··· RECORDED INFORMATION ···

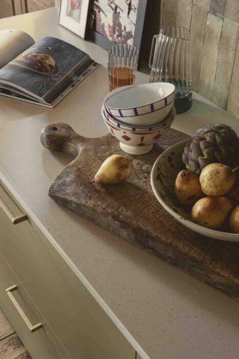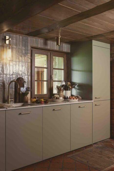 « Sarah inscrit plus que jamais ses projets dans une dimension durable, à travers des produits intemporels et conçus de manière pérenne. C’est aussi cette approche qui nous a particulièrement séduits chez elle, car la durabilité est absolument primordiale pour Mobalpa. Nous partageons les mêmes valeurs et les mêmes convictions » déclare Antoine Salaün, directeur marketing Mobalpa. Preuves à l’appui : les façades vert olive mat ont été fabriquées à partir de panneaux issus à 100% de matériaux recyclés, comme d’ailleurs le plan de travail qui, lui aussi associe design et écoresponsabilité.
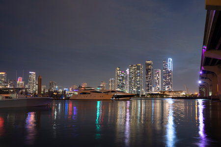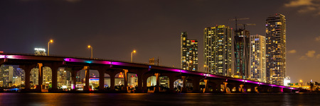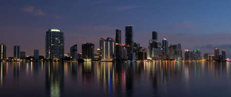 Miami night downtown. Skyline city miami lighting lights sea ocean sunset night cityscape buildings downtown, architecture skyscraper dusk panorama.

···
··· RECORDED INFORMATION ···

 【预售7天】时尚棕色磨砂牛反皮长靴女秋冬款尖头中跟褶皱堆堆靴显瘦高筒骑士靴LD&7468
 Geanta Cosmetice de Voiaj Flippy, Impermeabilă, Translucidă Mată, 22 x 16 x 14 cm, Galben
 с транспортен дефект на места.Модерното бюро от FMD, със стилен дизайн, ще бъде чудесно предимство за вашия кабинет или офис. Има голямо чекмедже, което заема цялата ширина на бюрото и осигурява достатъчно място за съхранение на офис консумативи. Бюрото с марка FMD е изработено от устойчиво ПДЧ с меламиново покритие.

···

__PROMPT__. In the listing above, find the line containing "design et écoresponsabilité." and the line containing "Miami night downtown.", then write out both of them and every line between, exactly, with no pictures.

__TASK ANSWER__.
 « Sarah inscrit plus que jamais ses projets dans une dimension durable, à travers des produits intemporels et conçus de manière pérenne. C’est aussi cette approche qui nous a particulièrement séduits chez elle, car la durabilité est absolument primordiale pour Mobalpa. Nous partageons les mêmes valeurs et les mêmes convictions » déclare Antoine Salaün, directeur marketing Mobalpa. Preuves à l’appui : les façades vert olive mat ont été fabriquées à partir de panneaux issus à 100% de matériaux recyclés, comme d’ailleurs le plan de travail qui, lui aussi associe design et écoresponsabilité.
 Miami night downtown. Skyline city miami lighting lights sea ocean sunset night cityscape buildings downtown, architecture skyscraper dusk panorama.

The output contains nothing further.